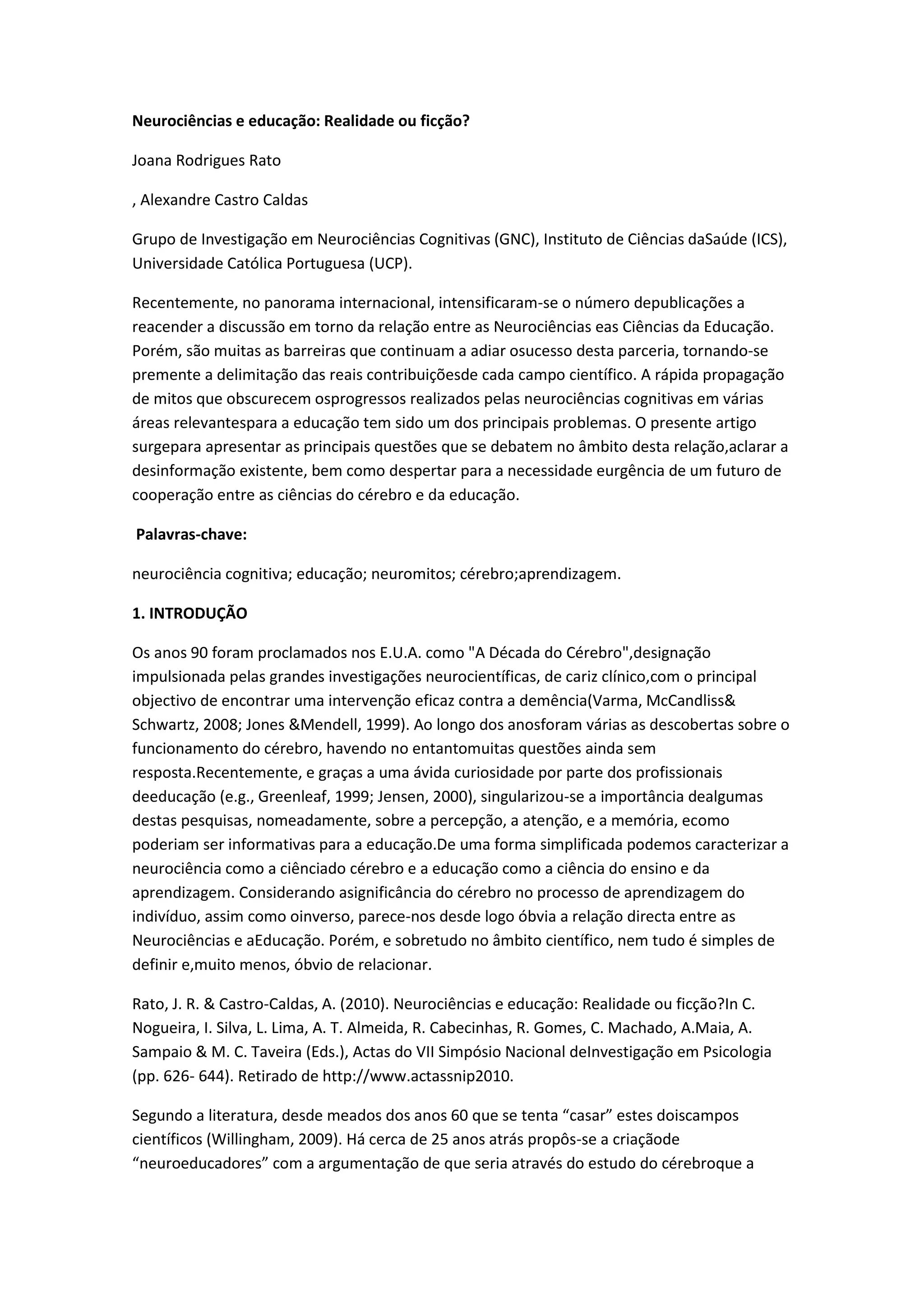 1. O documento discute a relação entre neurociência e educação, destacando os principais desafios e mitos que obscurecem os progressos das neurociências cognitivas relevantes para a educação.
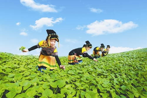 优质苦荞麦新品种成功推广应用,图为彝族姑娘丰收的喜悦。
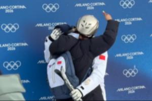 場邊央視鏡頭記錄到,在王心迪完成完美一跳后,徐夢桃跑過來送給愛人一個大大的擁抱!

----

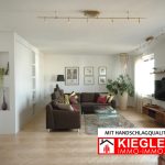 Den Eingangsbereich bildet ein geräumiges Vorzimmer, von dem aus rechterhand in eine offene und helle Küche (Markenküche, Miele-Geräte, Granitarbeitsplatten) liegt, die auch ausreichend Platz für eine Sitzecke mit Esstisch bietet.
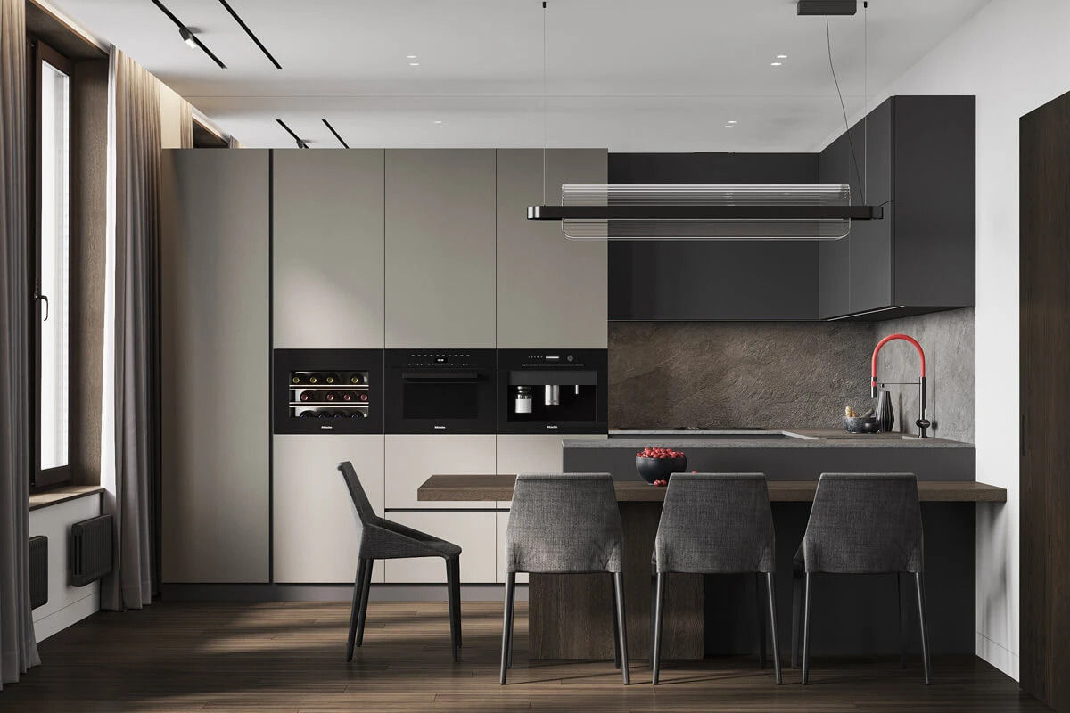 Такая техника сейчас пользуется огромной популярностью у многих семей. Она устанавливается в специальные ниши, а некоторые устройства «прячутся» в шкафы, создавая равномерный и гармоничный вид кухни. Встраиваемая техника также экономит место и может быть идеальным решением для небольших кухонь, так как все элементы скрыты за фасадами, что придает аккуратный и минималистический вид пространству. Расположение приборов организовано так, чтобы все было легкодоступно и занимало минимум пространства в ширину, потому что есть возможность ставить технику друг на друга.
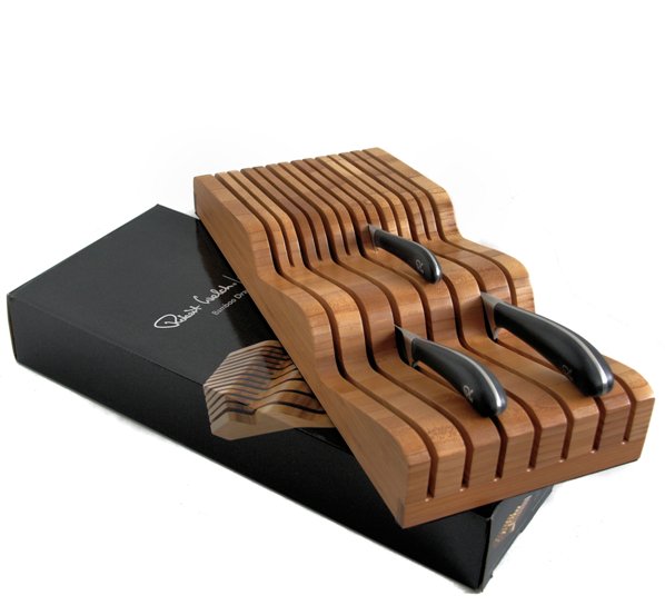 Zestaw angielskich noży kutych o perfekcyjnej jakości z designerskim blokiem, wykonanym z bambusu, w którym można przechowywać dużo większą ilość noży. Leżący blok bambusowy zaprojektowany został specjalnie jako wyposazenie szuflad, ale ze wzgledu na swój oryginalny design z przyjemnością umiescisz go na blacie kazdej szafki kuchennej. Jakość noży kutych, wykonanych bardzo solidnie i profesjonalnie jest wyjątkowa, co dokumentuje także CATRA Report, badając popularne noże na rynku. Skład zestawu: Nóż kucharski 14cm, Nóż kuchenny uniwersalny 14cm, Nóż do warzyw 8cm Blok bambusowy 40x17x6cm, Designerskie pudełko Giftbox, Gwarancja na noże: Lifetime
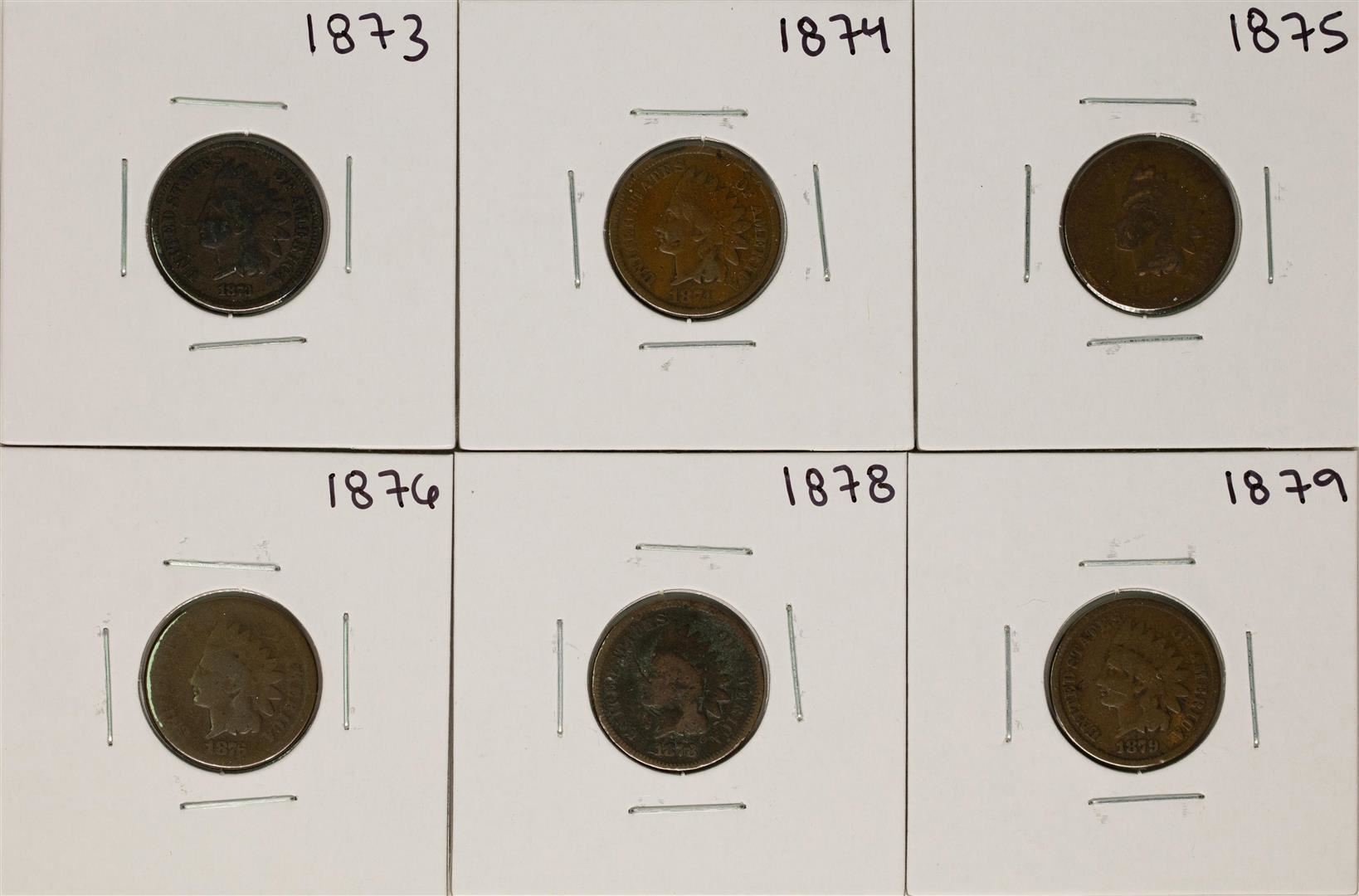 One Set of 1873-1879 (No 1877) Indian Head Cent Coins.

----

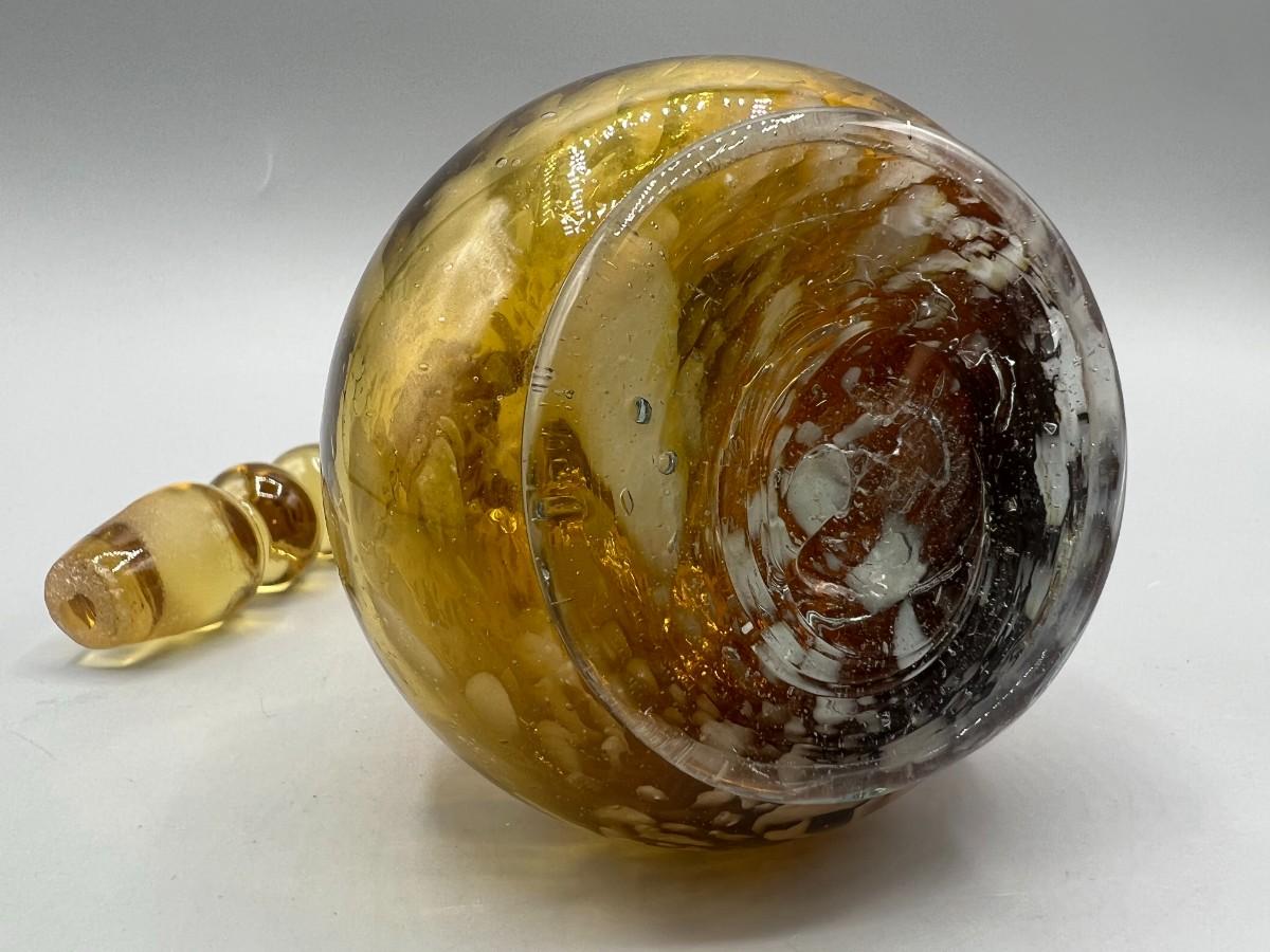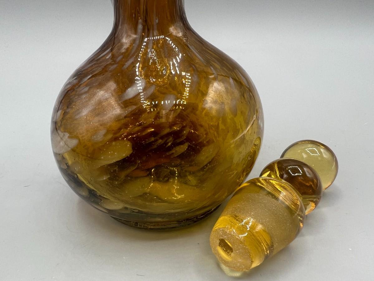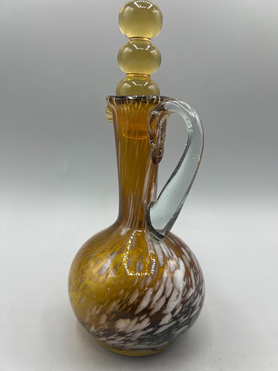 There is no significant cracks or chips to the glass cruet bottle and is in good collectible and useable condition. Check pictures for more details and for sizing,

----

§ **Aim of the task**: Starting at the line containing "优质苦荞麦新品种成功推广应用,图为彝族姑娘丰收的喜悦。" and finishing at the line containing "場邊央視鏡頭記錄到,在王心迪", return those lines exactly as they appear above, without the pictures.

§ **Your solution**:
 优质苦荞麦新品种成功推广应用,图为彝族姑娘丰收的喜悦。
 場邊央視鏡頭記錄到,在王心迪完成完美一跳后,徐夢桃跑過來送給愛人一個大大的擁抱!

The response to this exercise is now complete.